How machine learning is helping effectively prevent complex social engineering scams with no impact to genuine customers. 

In this blog we document how LexisNexis(R) ThreatMetrix(R) works as a live deployment platform for advanced machine learning models, delivering easy implementation and high performance.

What makes our job challenging is also what makes it so interesting. Fraud is a constantly evolving world and so we too must always be evolving and adapting to the ever-more complex and inventive techniques fraudsters dream up to scam unfortunate individuals out of their hard-earned cash. Strong signals from session profiling tools, combined with a traditional scoring engine already do a good job at detecting 3rd party frauds and so defences against that particular attack type has dramatically improved in recent years for all industries.  

But, in the fraud world, no sooner is one weakness addressed, fraudsters will find a new modus operandi, and you’re back to square one. What is more, each evolution tends to be progressively harder to tackle from a data perspective.  

Scams are a great example. Most of the time, the fraudulent transactions are conducted by the victim themselves, from their own device – thus making it much harder to spot. After all, how can you tell if the individual is acting with free will, or under duress?  The fraudulent signals are often far more subtle than for traditional 3rd party frauds, hence the challenge posed for fraud prevention specialists such as our Professional Services Team.  

The Decision Tree 

Linear scorecards, such as ThreatMetrix default scoring policy, have a strong track record at effectively detecting frauds while also being easy to use and 100% ‘clearbox’ – meaning decisions are transparent and explainable. However, they come with some limitations. For one, they are based on binary features (also referred as “rules”) which need to be manually designed using the continuous variables – i.e. things that can be used to predict potential fraudulent activity, such as how many times in an hour a user logs in, or whether a new account beneficiary has been created in the past few minutes. Although rules can be combined, most of them require to be independently checked, weighted, and summed in sequence (hence the linear term) which is not always appropriate for some complex fraud scenarios.  

Machine learning, on the other hand, is a method of data analysis that automates the model building process, thereby doing away with the need for a linear set of rules. In contrast to scorecards, it automatically consumes all the available continuous variables simultaneously and can capture subtle interactions between these fraud predictors. A classic example of a Machine learning algorithm is a decision tree. By feeding continuous variables and fraud data into the tree, the algorithm determines the best combination of predictors to most effectively authenticate the user and screen for potential fraudulent behaviour, without adding delays to the process. 

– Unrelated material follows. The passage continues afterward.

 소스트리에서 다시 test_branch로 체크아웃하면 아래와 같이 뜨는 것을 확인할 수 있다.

A Forest of Boosted Trees 

Figure 1 – Decision Tree illustration. Depth 3 and 6 “child” nodes. 
Although these more advanced techniques can be matched in performance by standard scorecards in the case of some traditional frauds, they are for the most part, far more effective at detecting subtle fraud risk scenarios, such as scams where the genuine user is being manipulated to carry out the transaction themselves.  

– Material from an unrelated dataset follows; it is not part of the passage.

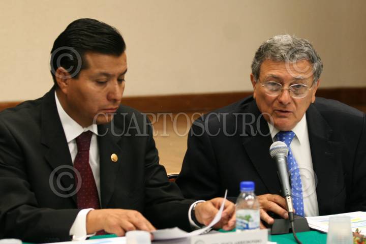 MÉXICO D.F. 12SEPTIEMBRE2007.-Los diputados Jesús Arredondo Velázquez y Marco Antinio Peyrot Solís, durante la reunión plenaria de la Comisión de la Defensa Nacional, en las instalaciones de la Cámara de Diputados. FOTO: GUILLERMO PEREA/CUARTOSCURO.COM
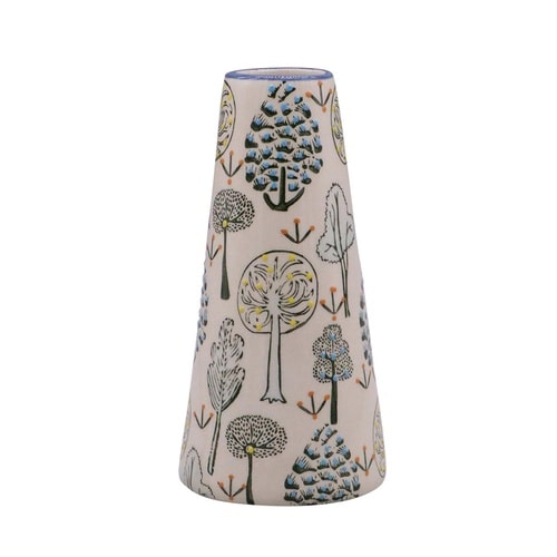 セラミック製のフラワーベースです。 レトロポップな柄がお部屋の雰囲気を明るくします。 職人が手作業で仕上げているので1つ1つ異なる表情が魅力的です。 |

ThreatMetrix Dynamic Decision Platform (DDP) is designed for flexibility and supports most types of machine learning algorithm. Armed with this powerful tool, our Data scientists have been able to build high-performing models to prevent scams for our banking and financial services customers. 

In a recent example, we developed a scam detection model to help a tier-one UK bank tackle authorised push payment (APP) fraud, a major challenge for them since 2021. We elected to use a forest of boosted trees, an ensemble of decision trees built leveraging machine learning. The expertise of our data scientists, along with strong domain knowledge, a long-term customer relationship and an excellent understanding of their challenges, paved the way to a collaborative model-building process, highly performing and tailored to the business’ needs.  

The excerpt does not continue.